Exercise requirements = In the data below, find the line with "泉澤 広陰さんを姓名の画数から五運を鑑定" and the line with "The Forum of", then restate both and every line between them exactly, minus the pictures.

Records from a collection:
--- START ---

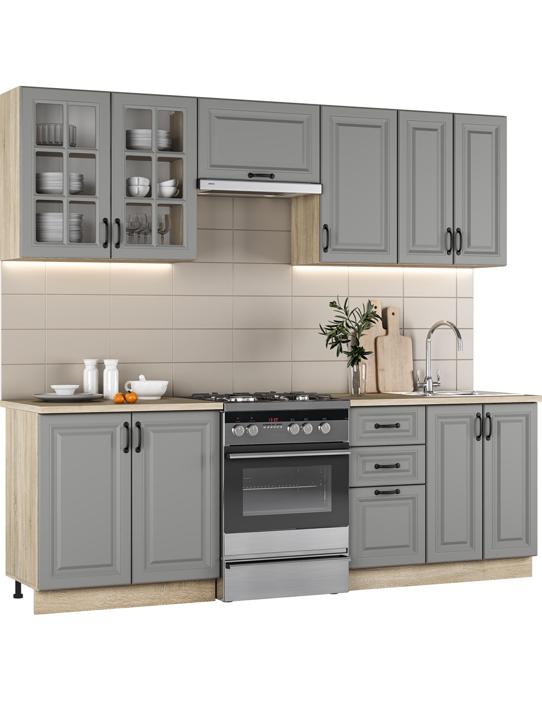 ELIZABETH Zestaw Kuchenny 240 cm Popielaty/Dąb Sonoma | Nowoczesny Styl z Klasycznym Akcentem
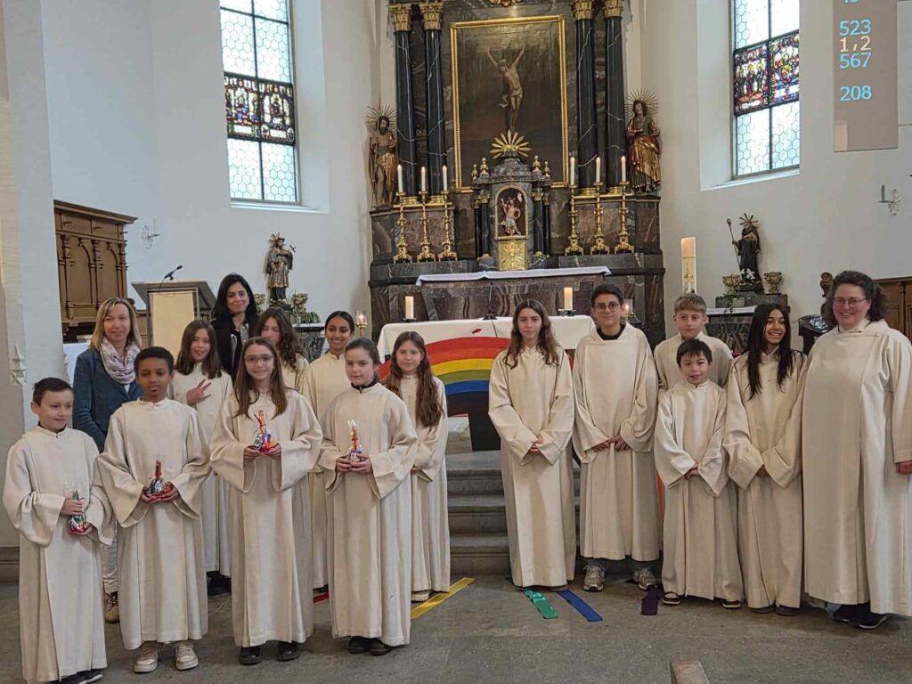 Bei strahlendem Wetter waren Bischof Felix mit Bischofsvikar Christoph Sterkmann, Pfarrer Walter Schärli, Diakon Hans Zürcher und der kirchlichen Jugendarbeiterin Alexandra Atapattu und allen fünf Katechetinnen um 10 Uhr in die volle Stadtpfarrkirche von Mellingen eingezogen.
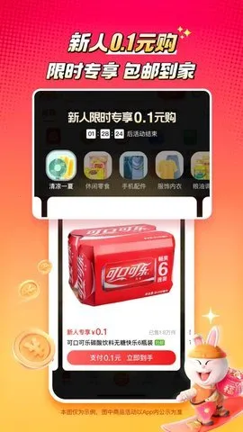 1、优惠玩法丰富:限时秒杀、1元抢不停、摇一摇等,食品生鲜1元起,还有新用户高额优惠券,让你花小钱买心仪商品。
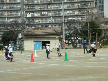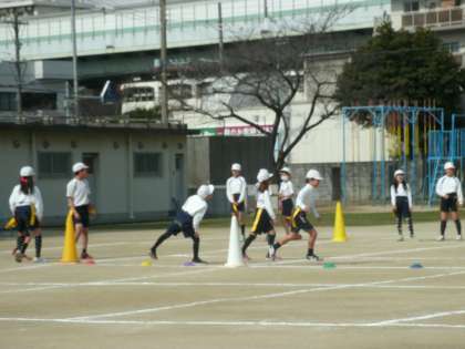 4年生は、運動場で体育の学習をしていました。班に分かれてタグラグビーをしていました。
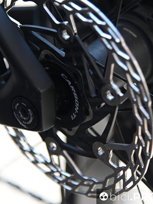 «Lo spider in carbonio, così come tutto il disco nel suo complesso, nasce da un insieme di processi e di lavorazioni che richiedono tempo, pazienza e una precisione maniacale. Lo spider in carbonio – racconta Monticone – nasce con lo standard a sei fori, ma con il cambiamento di una regola imposta da Shimano, gli abbiamo cucito addosso un adattatore specifico che permette il montaggio sui mozzi di natura CenterLock. Lo abbiamo fatto con lo stile che contraddistingue Carbon-Ti, quindi con materiali di prim’ordine e senza lasciare nulla al caso».
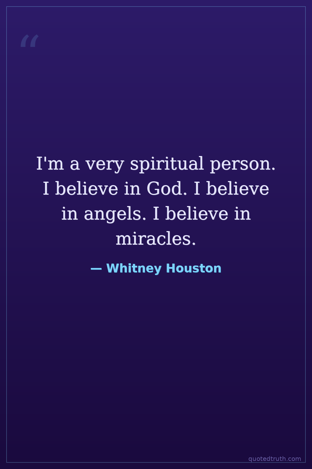 I'm a very spiritual person. I believe in God. I believe in angels. I believe in miracles.
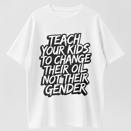 TEACH YOUR KIDS TO CHANGE THEIR OIL NOT THEIR GENDER T-shirt
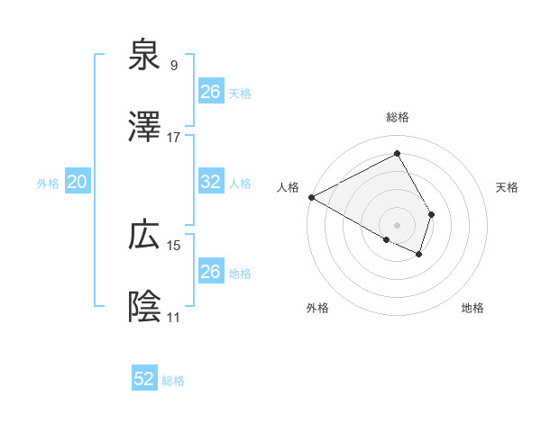 泉澤 広陰さんを姓名の画数から五運を鑑定
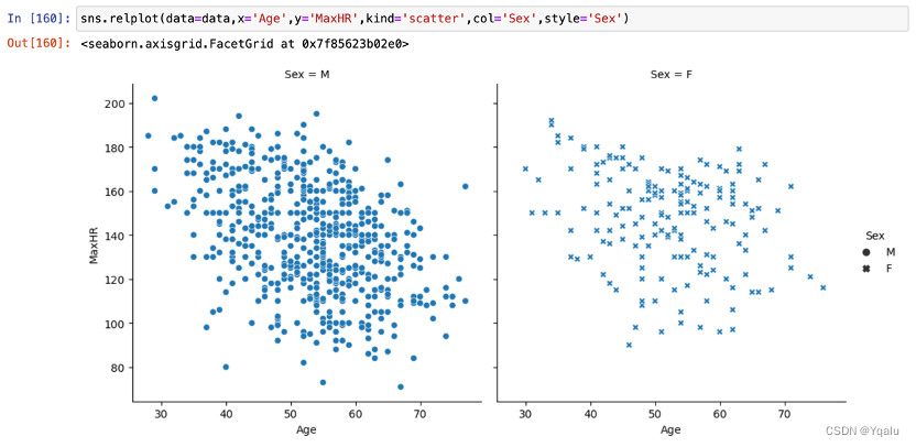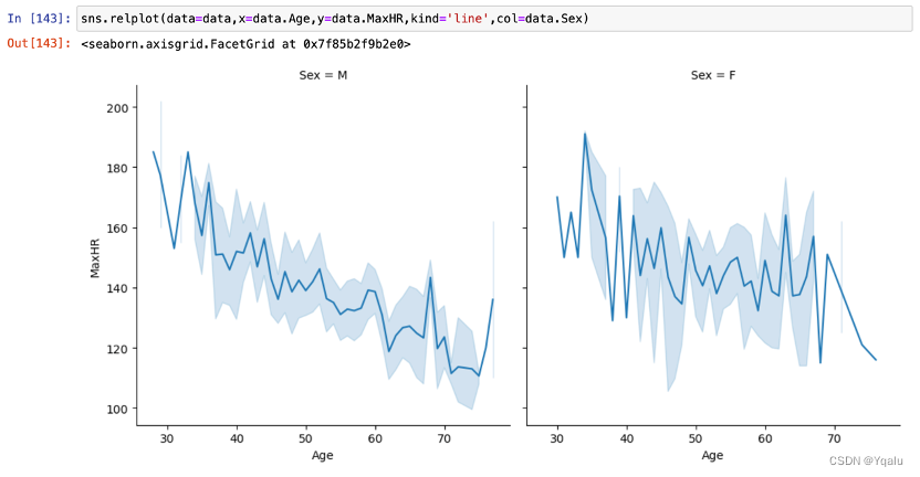 MaxHR showed an obvious decreasing trend with age. In terms of gender comparison, the rate of decline was lower in women than in men.
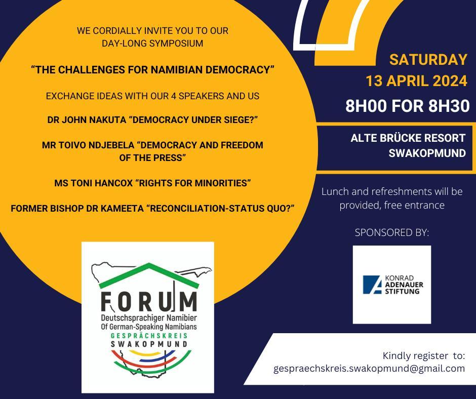 The Forum of German-speaking Namibians (FDN) in association with the Swakopmunder Gesprächskreis and Konrad Adenauer Stiftung Namibia-Angola Country Office are hosting a one-day symposium on 13 April 2024 with the aim to exchange insights on the challenges that Namibia's Democracy faces and recommendations on the way forward. Together with four guest speakers, the discussion roundtable aims to engage around 70 invited guests.
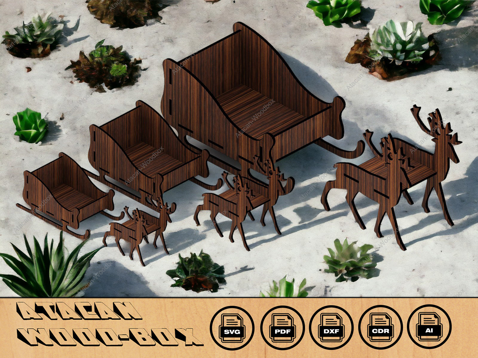 Santa Claus Christmas Sleigh / Deer and sleigh / Noel Decor / Xmas Wooden Reindeer / Glowforge vector 273
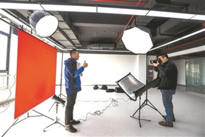 1月19日,在浙江省义乌市苏溪镇的一家企业内,摄影师给留下过年的外地员工拍摄照片,准备作为笑脸家书寄给家人。
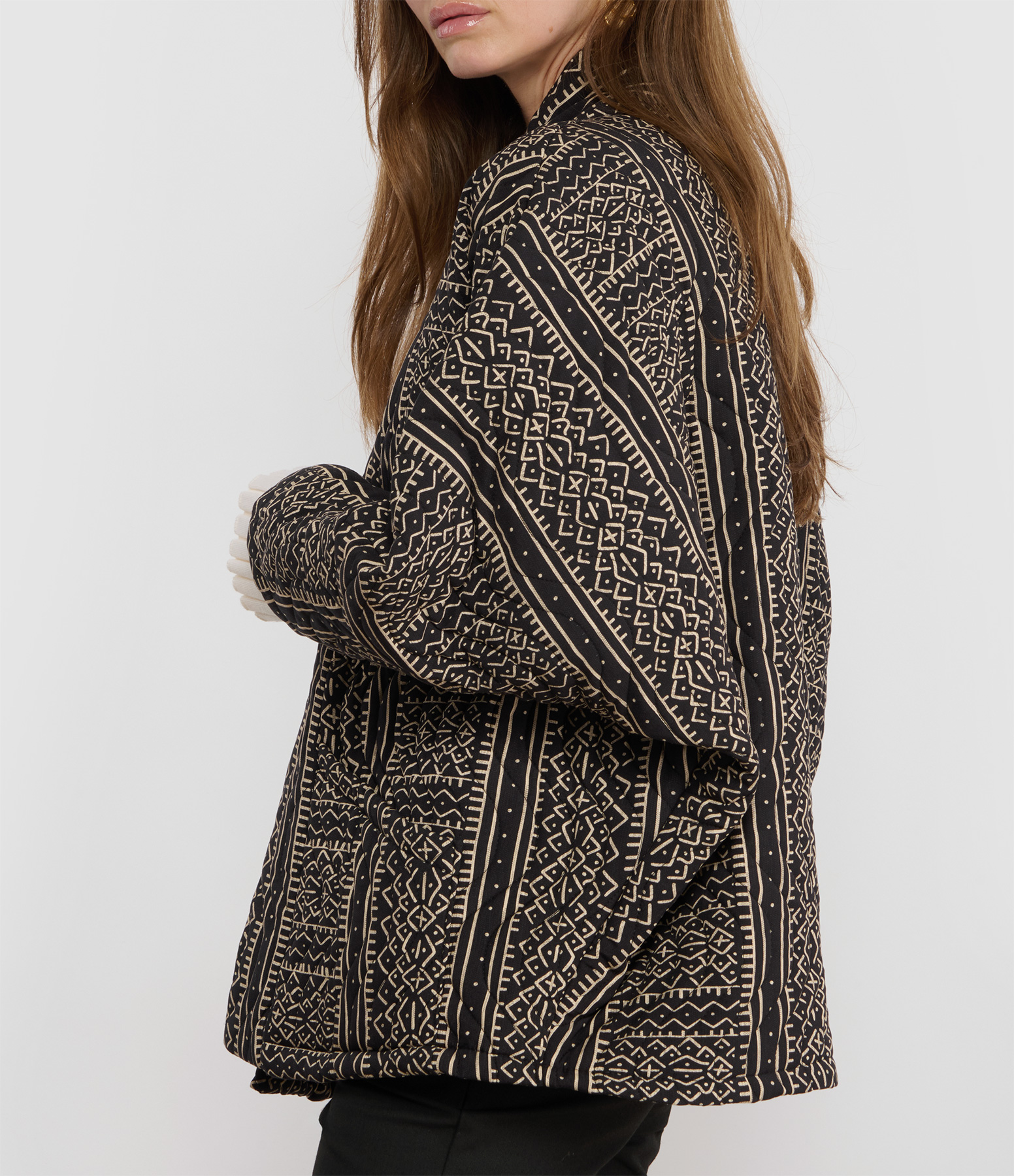 Veste coupe loose en coton noir à imprimé blanc. Surpiqures apparentes. Deux poches plaquées à l'avant.

--- END ---

Response area =
 泉澤 広陰さんを姓名の画数から五運を鑑定
 MaxHR showed an obvious decreasing trend with age. In terms of gender comparison, the rate of decline was lower in women than in men.
 The Forum of German-speaking Namibians (FDN) in association with the Swakopmunder Gesprächskreis and Konrad Adenauer Stiftung Namibia-Angola Country Office are hosting a one-day symposium on 13 April 2024 with the aim to exchange insights on the challenges that Namibia's Democracy faces and recommendations on the way forward. Together with four guest speakers, the discussion roundtable aims to engage around 70 invited guests.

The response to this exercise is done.